On the face of it, the market cap destruction of over ₹50,000 crore suffered by Infosys after it revealed whistle-blower complaints about unethical management conduct from a group of anonymous employees may seem a little excessive. But the string of governance scandals that have rocked India Inc in recent years have left such an indelible mark on the investor psyche, that investors are today inclined to shoot and then ask questions, when governance allegations surface about any firm. Given that this is not the first time that Infosys is dealing with whistle-blower complaints, it has a well-established process to deal with them. Its audit committee, shorn of its CEO and CFO (who figure in the complaint), is now investigating the matter.
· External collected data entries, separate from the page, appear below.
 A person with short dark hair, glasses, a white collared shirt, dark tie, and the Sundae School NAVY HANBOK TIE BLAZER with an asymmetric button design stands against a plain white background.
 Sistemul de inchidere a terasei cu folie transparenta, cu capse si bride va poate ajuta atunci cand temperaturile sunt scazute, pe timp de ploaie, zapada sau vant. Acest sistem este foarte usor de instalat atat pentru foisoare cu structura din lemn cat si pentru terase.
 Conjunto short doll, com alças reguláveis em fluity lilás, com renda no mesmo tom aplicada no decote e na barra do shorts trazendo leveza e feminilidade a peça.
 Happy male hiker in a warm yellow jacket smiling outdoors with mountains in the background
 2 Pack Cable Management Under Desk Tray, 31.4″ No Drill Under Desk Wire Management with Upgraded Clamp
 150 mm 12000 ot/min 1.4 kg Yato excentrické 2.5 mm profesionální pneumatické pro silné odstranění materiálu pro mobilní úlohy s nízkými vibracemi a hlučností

However, the same cannot be said for much of India Inc. Though whistle-blower complaints have been critical to blowing the lid off many a corporate scandal in India — from the conflict of interest allegations that claimed the career of ICICI Bank’s CEO to the dubious lending at PMC Bank — the legal system does little to nurture a culture of insiders calling out corporate fraud.
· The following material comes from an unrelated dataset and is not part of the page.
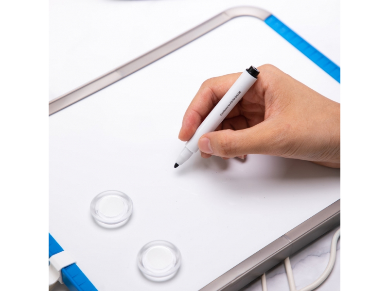 Ar gludu, baltu magnētisko virsmu un izturīgu plastmasas rāmi, DELI Mini tāfele ir radīta gan stilam, gan ilgmūžībai. Tās magnētiskā virsma ļauj ne tikai viegli rakstīt un dzēst ar sausās dzēšanas marķieriem, bet arī droši piestiprināt svarīgus dokumentus vai atgādinājumus, izmantojot magnētus, nodrošinot kārtību un ērtību.
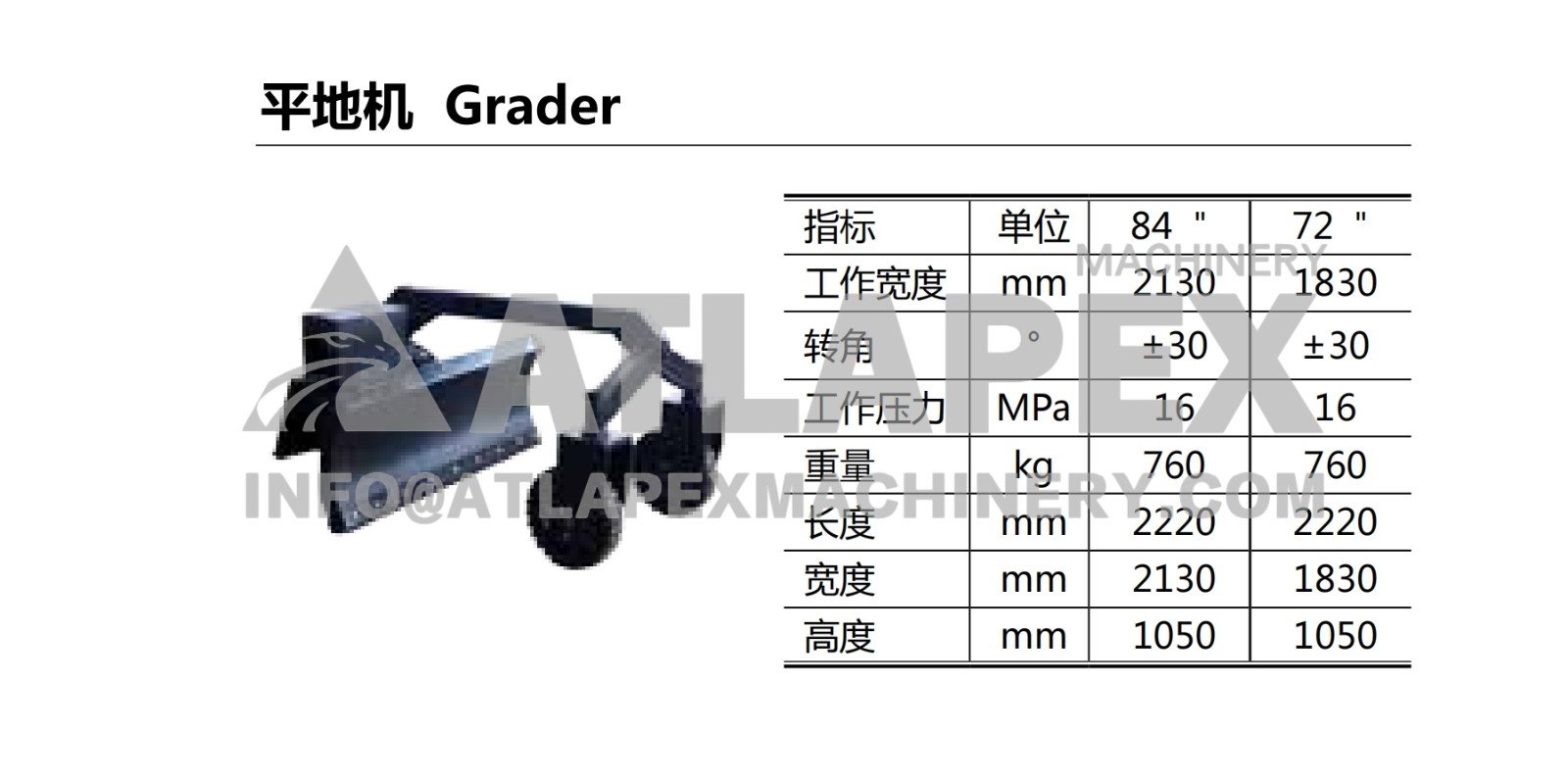 When equipped with the grader, it becomes a capable lightweight bulldozer that can be used for site leveling operations. The ATLAPEX grader attachment is a hydraulic-controlled plow blade that comes in two sizes, 183cm and 213cm, with hydraulic-electric control devices that allow for six-way adjustment.

The laws enabling corporate whistle-blowing in India are quite loosely drafted. Section 177(9) of the amended Companies Act of 2013 requires all listed companies and those accepting public deposits or having material borrowings to establish a vigil mechanism for directors or employees to report fraudulent or unethical behaviour. But how this mechanism will operate is left open-ended, with companies merely required to provide an email ID to lodge complaints. Resolution is left to the discretion of the company and anonymous complaints are actively discouraged. SEBI’s LODR Regulations go a little farther by tasking audit committees with reviewing the whistle-blower mechanism. But they fail to specify any process for complaint resolution. Even in cases where companies do have a proper whistle-blowing mechanism, complaints are often investigated by the in-house audit committee. Given how pliant independent directors on corporate boards tend to be in the Indian context, it seems a tall ask to expect the audit committee to protect the identity of the whistle-blower or to nail the culprits. In many cases, forensic audits commissioned by the regulator have unearthed substantial evidence of fraud after perpetrators were exonerated by in-house audit committees. This imperfect situation leads to whistle-blowers taking their complaints to the media where they can get widely disseminated before being proved, opening the doors to wealth destruction and market manipulation.
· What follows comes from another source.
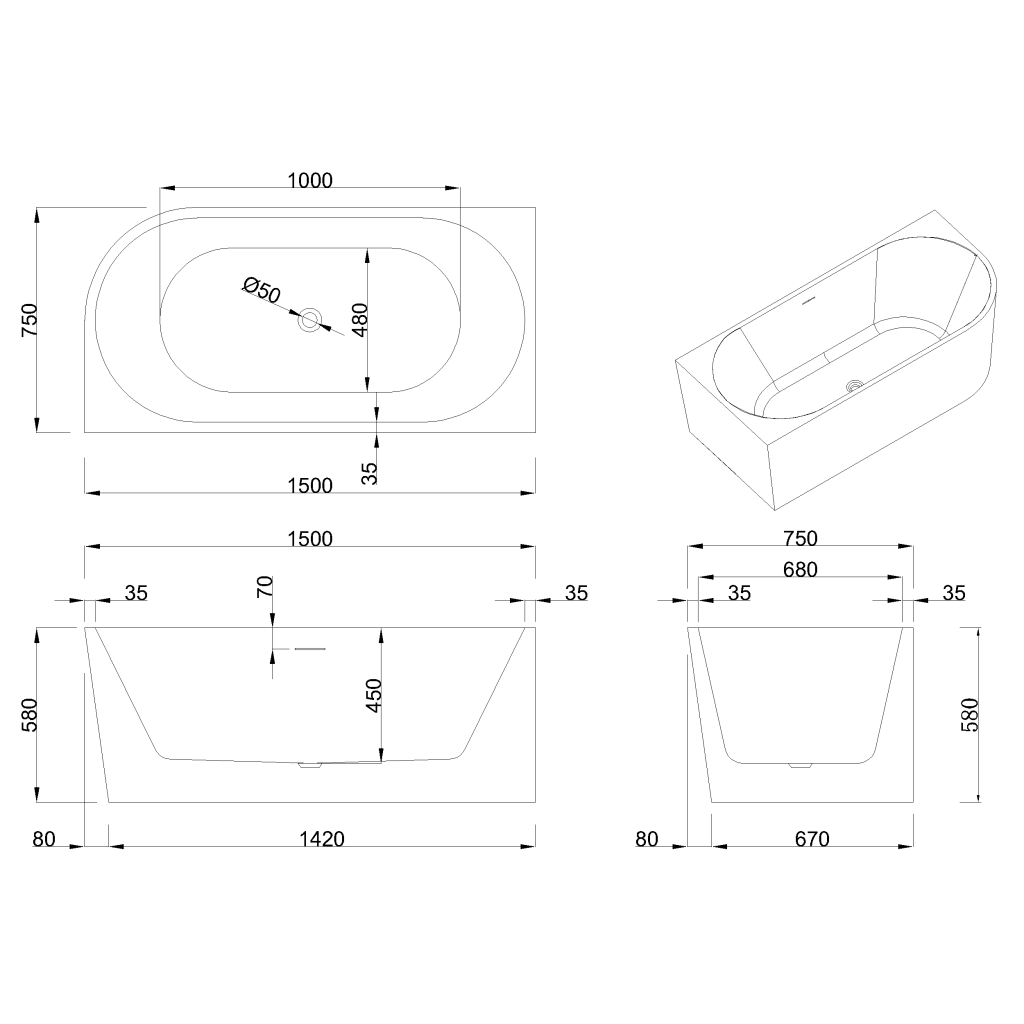 Cada freestanding Invena Astri, 150 cm, pe partea stanga,cu sifon, dop si sistem preaplin

Establishing a centralised whistle-blower mechanism under the auspices of the market regulator appears to be the best way to solve this problem. The Office of the Whistle-blower under the US SEC has been quite successful at unearthing corporate frauds since its inception in 2010. SEBI has recently mooted an ‘informant’ mechanism for reporting cases of insider trading. There’s no reason why this shouldn’t be extended to whistle-blowing on all legal and corporate governance infractions in listed firms.